[Prompt] For the material below, return exactly the lines starting at the line containing "- 上腕全体を肘から肩、わきの下へ向かって流し、らせんを描くように動かします。" and ending at the line containing "For Vivo Models", both ends included, and no others.

[Given entries]
++++

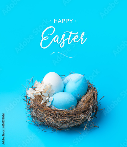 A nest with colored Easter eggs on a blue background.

++++

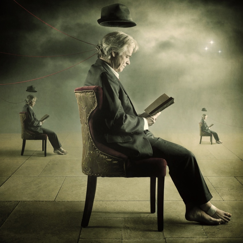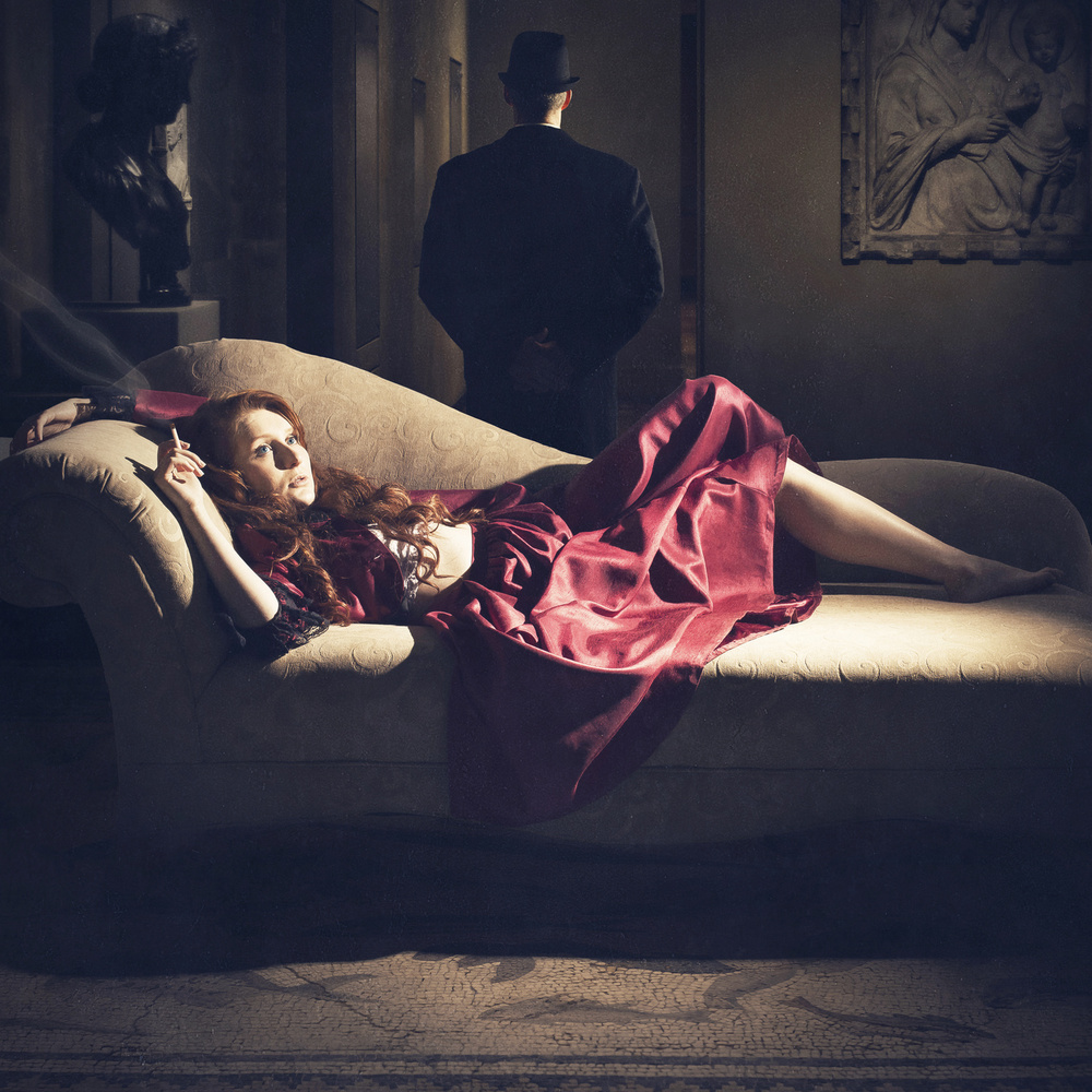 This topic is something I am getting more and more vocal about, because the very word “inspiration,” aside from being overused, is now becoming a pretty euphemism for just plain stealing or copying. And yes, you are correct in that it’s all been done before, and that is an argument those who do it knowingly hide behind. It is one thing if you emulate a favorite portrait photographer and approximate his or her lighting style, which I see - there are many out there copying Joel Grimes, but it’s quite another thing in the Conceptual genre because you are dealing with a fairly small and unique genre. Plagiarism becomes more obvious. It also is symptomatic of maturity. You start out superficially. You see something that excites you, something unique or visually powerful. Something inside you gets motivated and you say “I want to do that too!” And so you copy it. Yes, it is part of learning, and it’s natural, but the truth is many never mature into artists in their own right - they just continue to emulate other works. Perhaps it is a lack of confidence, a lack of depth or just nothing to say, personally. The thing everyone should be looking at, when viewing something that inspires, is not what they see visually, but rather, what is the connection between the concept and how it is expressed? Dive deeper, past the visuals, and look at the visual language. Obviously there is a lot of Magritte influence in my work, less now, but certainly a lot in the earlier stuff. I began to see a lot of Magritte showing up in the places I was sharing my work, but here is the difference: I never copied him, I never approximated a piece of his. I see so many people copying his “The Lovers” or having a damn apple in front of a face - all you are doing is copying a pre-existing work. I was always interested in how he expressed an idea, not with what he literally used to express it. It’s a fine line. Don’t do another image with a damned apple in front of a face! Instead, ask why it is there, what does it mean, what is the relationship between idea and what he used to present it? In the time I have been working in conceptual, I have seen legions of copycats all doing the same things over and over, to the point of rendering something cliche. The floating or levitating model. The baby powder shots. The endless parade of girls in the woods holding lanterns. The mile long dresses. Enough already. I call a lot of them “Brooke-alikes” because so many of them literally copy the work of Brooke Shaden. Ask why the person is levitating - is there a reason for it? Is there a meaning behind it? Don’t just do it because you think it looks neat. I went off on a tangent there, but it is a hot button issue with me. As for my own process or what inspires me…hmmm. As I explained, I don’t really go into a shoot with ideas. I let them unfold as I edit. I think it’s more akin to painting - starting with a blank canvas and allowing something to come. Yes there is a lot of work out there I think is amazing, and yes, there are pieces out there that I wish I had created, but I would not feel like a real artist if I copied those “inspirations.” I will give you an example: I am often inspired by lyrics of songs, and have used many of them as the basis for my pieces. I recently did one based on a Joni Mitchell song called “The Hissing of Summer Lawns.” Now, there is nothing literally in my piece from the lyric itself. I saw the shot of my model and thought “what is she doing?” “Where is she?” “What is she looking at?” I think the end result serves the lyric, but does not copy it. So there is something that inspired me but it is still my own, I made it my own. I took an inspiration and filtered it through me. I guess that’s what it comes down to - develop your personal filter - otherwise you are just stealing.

++++

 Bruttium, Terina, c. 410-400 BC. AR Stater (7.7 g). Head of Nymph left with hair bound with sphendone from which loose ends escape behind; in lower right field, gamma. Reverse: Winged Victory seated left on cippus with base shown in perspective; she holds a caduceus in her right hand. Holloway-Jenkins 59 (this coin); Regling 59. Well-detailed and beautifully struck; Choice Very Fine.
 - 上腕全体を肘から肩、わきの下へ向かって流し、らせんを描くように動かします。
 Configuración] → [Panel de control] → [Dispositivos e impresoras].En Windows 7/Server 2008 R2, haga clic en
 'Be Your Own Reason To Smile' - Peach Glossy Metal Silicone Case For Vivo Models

++++

[Result for this exercise]
 - 上腕全体を肘から肩、わきの下へ向かって流し、らせんを描くように動かします。
 Configuración] → [Panel de control] → [Dispositivos e impresoras].En Windows 7/Server 2008 R2, haga clic en
 'Be Your Own Reason To Smile' - Peach Glossy Metal Silicone Case For Vivo Models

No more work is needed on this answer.